Extracted records:

=== Begin Enclosure ===

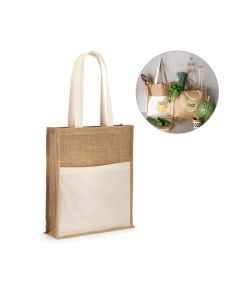 TascheTasche aus einer widerstandsfähigen Kombination aus 240 g/m2 Jute und Baumwollgriffen, alles in Naturtönen. Genähtes Ausführung mit verstärkten mittleren Griffen. Baumwolltasche auf der Vorderseite und Widerstandsfähigkeit bis zu einem Gewicht von 6 kg. (natürlich farbe)
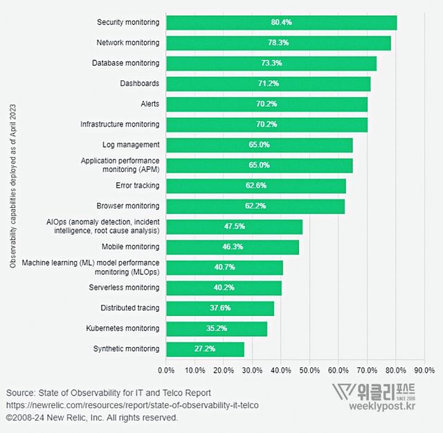 뉴렐릭이 IT 및 통신 업계 옵저버빌리티 현황 보고서를 발간했다. 이 보고서는 IT 및 통신 업계의 옵저버빌리티 도입 현황 및 비즈니스 가치를 분석한 내용이다. 보고서에 따르면, 클라우드 네이티브 애플리케이션 아키텍처 개발, AI 기술 도입, 멀티 클라우드 환경으로의 마이그레이션 등이 옵저버빌리티 도입의 주요 요인으로 꼽혔다.
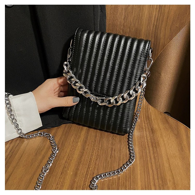 Túi Da Sọc Phối Dây Xích Đựng Điện Thoại Tiện Dụng Cho Nữ KM1
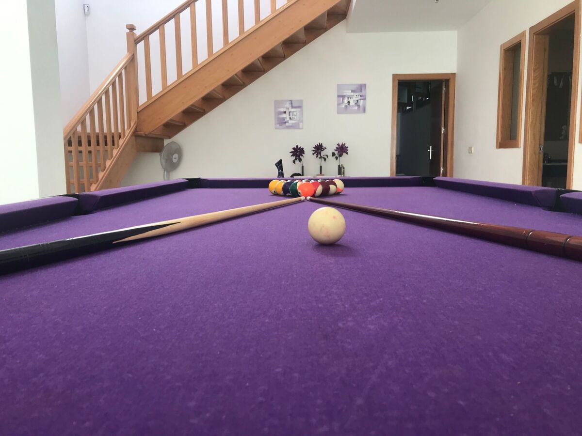 Entertainment and relaxation are provided by the spacious living room with a pool table, a cosy leather sofa and a 65-inch LCD TV with international channels.
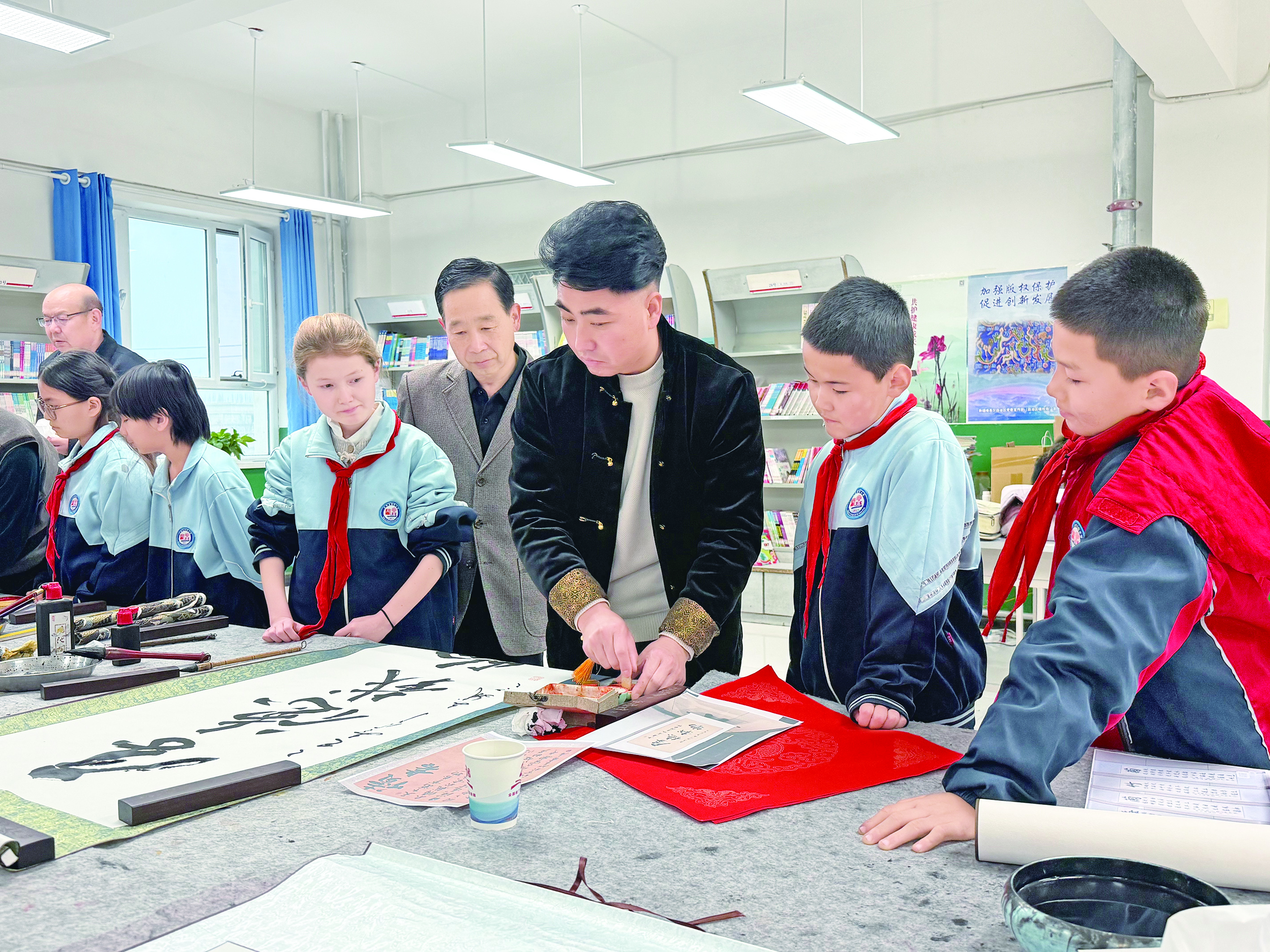 2025年12月31日,沙雅县文联组织书法家协会骨干走进该县第四小学,开展“墨香迎新年 文化润校园”活动。书法家们挥毫泼墨,为师生送上新年祝福。 通讯员 祖丽皮耶·艾麦尔 摄
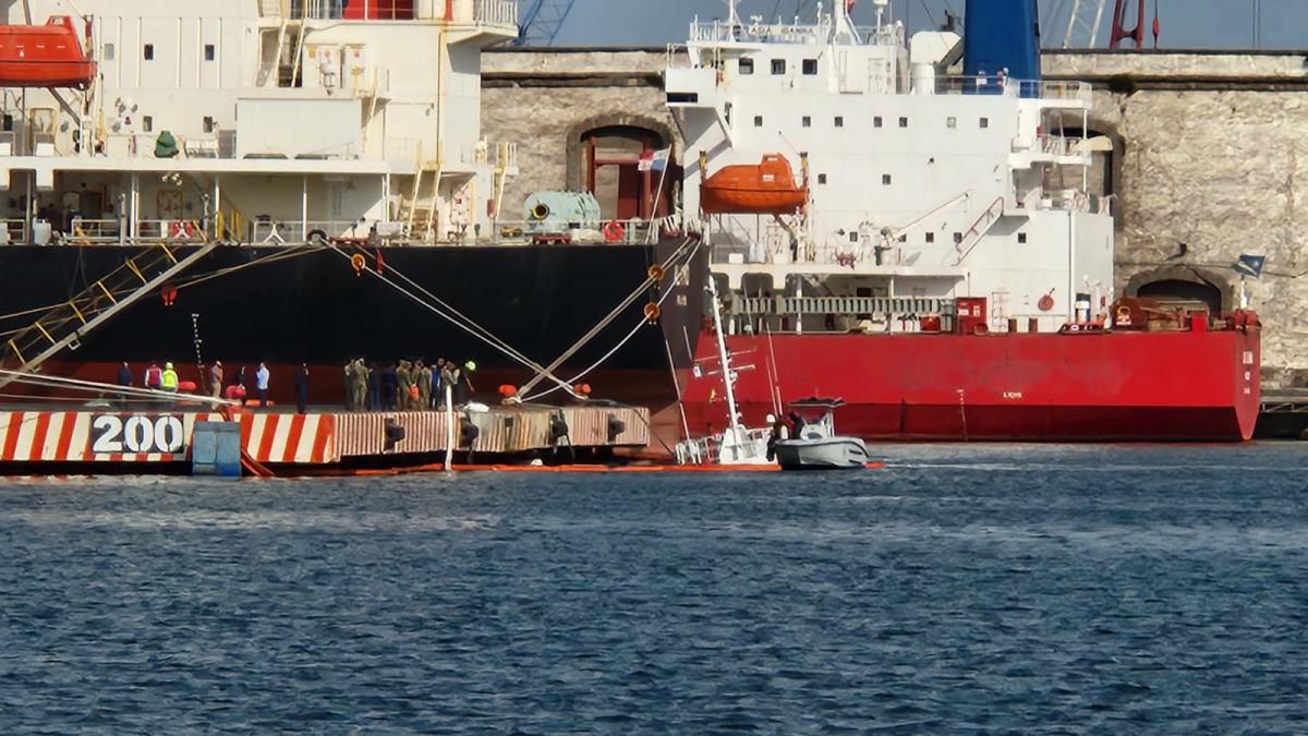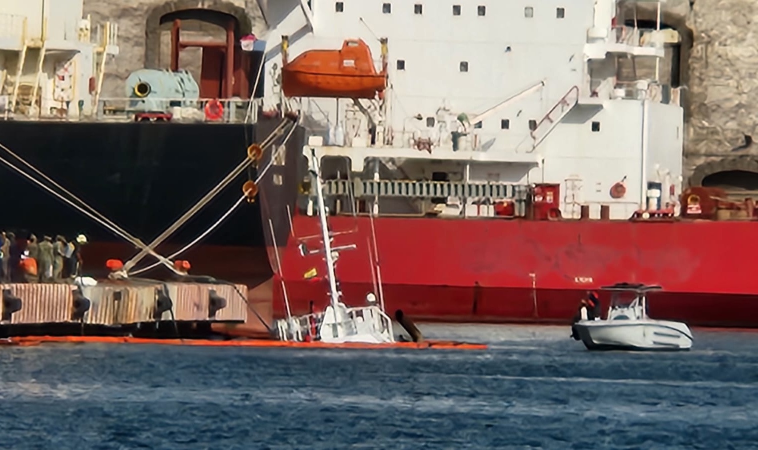Por este incidente, los técnicos navales colocaron una red para evitar que hubiera contaminación por derrame de combustible.
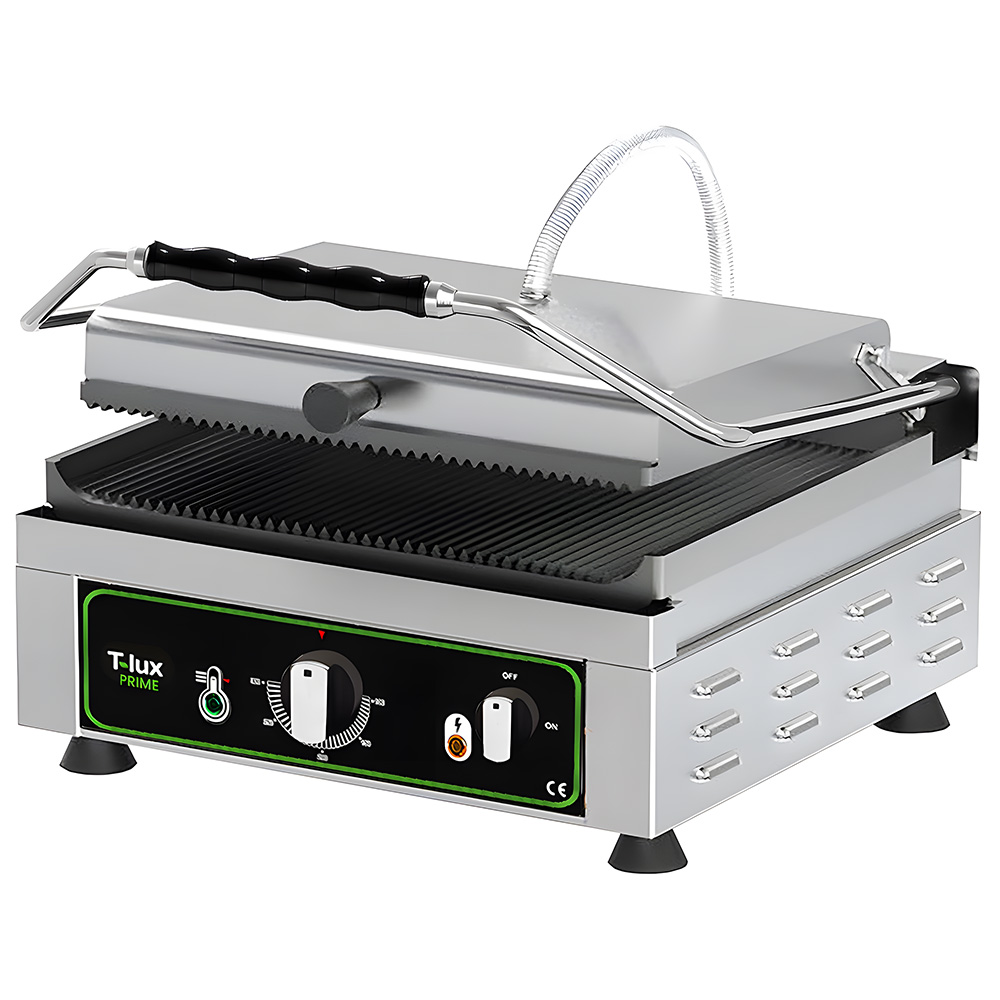 Контактный гриль T-Lux PRIME CG 2735 RR — это профессиональное и надежное оборудование для приготовления разнообразных блюд в заведениях быстрого обслуживания, ресторанах, кафе и бургерных. Гриль предназначен для быстрой и равномерной жарки мяса, птицы, рыбы, овощей, а также для приготовления идеальных гамбургеров и горячих сэндвичей. Модель сочетает в себе высокую производительность, простоту управления и безопасность эксплуатации, что делает ее незаменимым помощником на любой кухне. Прочный корпус из нержавеющей стали и массивные чугунные рабочие поверхности гарантируют долговечность и отличные результаты приготовления.
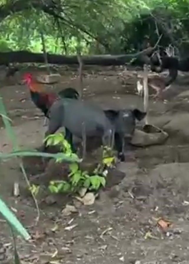 rural area with several black pigs, chickens, and greenery. At the beginning of the video, one of the black pigs stands out in the foreground. The camera then pans to reveal more pigs, along with chickens, in a partially shaded area with trees. A structure is also visible in the background. One of the pigs appears to be wearing a harness. The ground is mostly dirt and scattered debris.
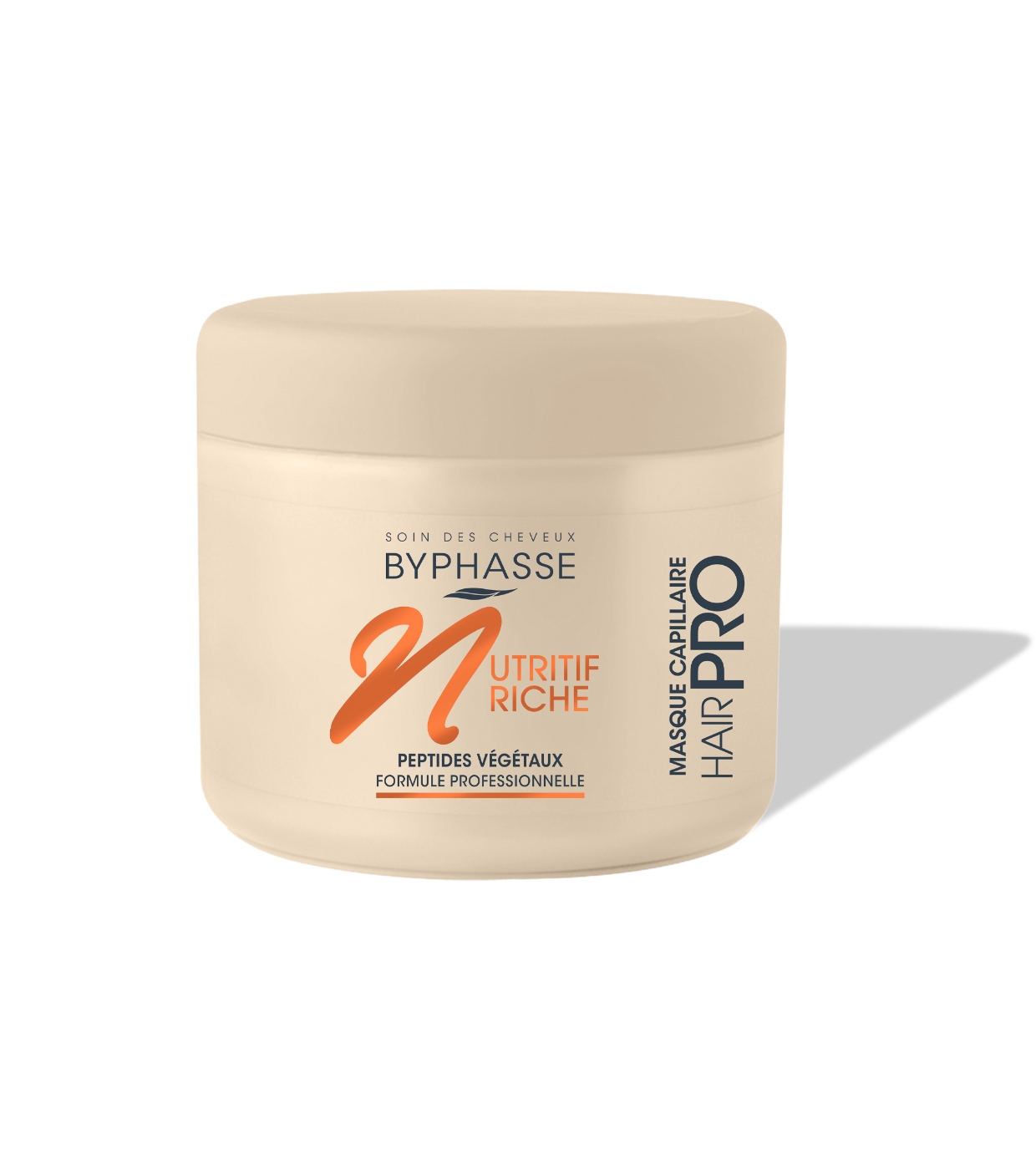 A máscara Hair Pro da Byphasse , especialmente formulada para cabelos secos e danificados, proporciona nutrição intensa que revitaliza a fibra capilar desde o interior.

=== End Enclosure ===

(Problem): Please repeat exactly the data above from its first line to the line that contains "Por este incidente, los", inclusive, and leave every picture out.

(Exercise response):
 TascheTasche aus einer widerstandsfähigen Kombination aus 240 g/m2 Jute und Baumwollgriffen, alles in Naturtönen. Genähtes Ausführung mit verstärkten mittleren Griffen. Baumwolltasche auf der Vorderseite und Widerstandsfähigkeit bis zu einem Gewicht von 6 kg. (natürlich farbe)
 뉴렐릭이 IT 및 통신 업계 옵저버빌리티 현황 보고서를 발간했다. 이 보고서는 IT 및 통신 업계의 옵저버빌리티 도입 현황 및 비즈니스 가치를 분석한 내용이다. 보고서에 따르면, 클라우드 네이티브 애플리케이션 아키텍처 개발, AI 기술 도입, 멀티 클라우드 환경으로의 마이그레이션 등이 옵저버빌리티 도입의 주요 요인으로 꼽혔다.
 Túi Da Sọc Phối Dây Xích Đựng Điện Thoại Tiện Dụng Cho Nữ KM1
 Entertainment and relaxation are provided by the spacious living room with a pool table, a cosy leather sofa and a 65-inch LCD TV with international channels.
 2025年12月31日,沙雅县文联组织书法家协会骨干走进该县第四小学,开展“墨香迎新年 文化润校园”活动。书法家们挥毫泼墨,为师生送上新年祝福。 通讯员 祖丽皮耶·艾麦尔 摄
Por este incidente, los técnicos navales colocaron una red para evitar que hubiera contaminación por derrame de combustible.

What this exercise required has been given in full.